The water was churning in a mixture of shotgun blasts, paddle strokes, and writhing snakes. Banks was screaming, "Shot 'em, Get their ass" but I had another plan. I was moving that boat toward the other shore just as efficiently as a new, outboard Evinrude would get it done. I could not get there fast enough all the time thinking that there had to be at least one snake in the boat with us. God help us if Banks spotted him before we could get to the other side. I was pretty sure this little boat could not sustain a shotgun blast to the floor without sinking rapidly. The result of that would bring the snakes and drowning back into my thoughts. I had to quit thinking and just paddle that damn boat with Banks yelling, "Where are you going? Shot 'em!, Shot 'em!" If two snake-eradication experts ever needed God's help, it surely had to be these two. Banks had yet again found a way to include me in an event that I could never have possibly conjured up for myself and I now had but one mission...get out of it alive!

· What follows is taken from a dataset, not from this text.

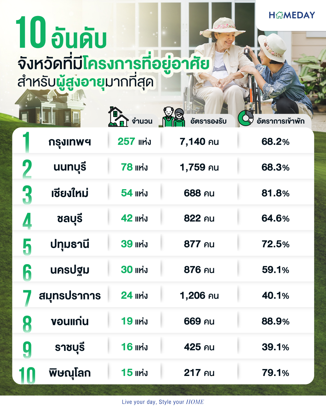 ศูนย์ข้อมูลอสังหาริมทรัพย์ พบโครงการที่อยู่อาศัยสำหรับผู้สูงอายุในไทย 574 แห่ง คิดเป็น 75.7% ของที่อยู่อาศัยผู้สูงอายุทั้งหมด โดยกระจายตัวอยู่ใน 10 จังหวัด ดังต่อไปนี้

We arrived back at our point of entry carrying a speed of probably no less than 100 knots. I was not worried about stopping the boat. I just wanted to get close enough to survive the jump to firm ground without the threat of drowning or snake-bite. I launched myself over Banks and landed on that pond bank fairly certain that I would be getting out of the snake eradication business. By this time, Banks had overheated the guns and was waiting for the barrels to cool down. He was pumped and just about out of ammunition. The adrenalin was flowing and the wheels were already turning in his head as to how we would approach this on the next visit. I could see it in his eyes. I also knew that he was not planning to brief either myself or Belmont on this action either.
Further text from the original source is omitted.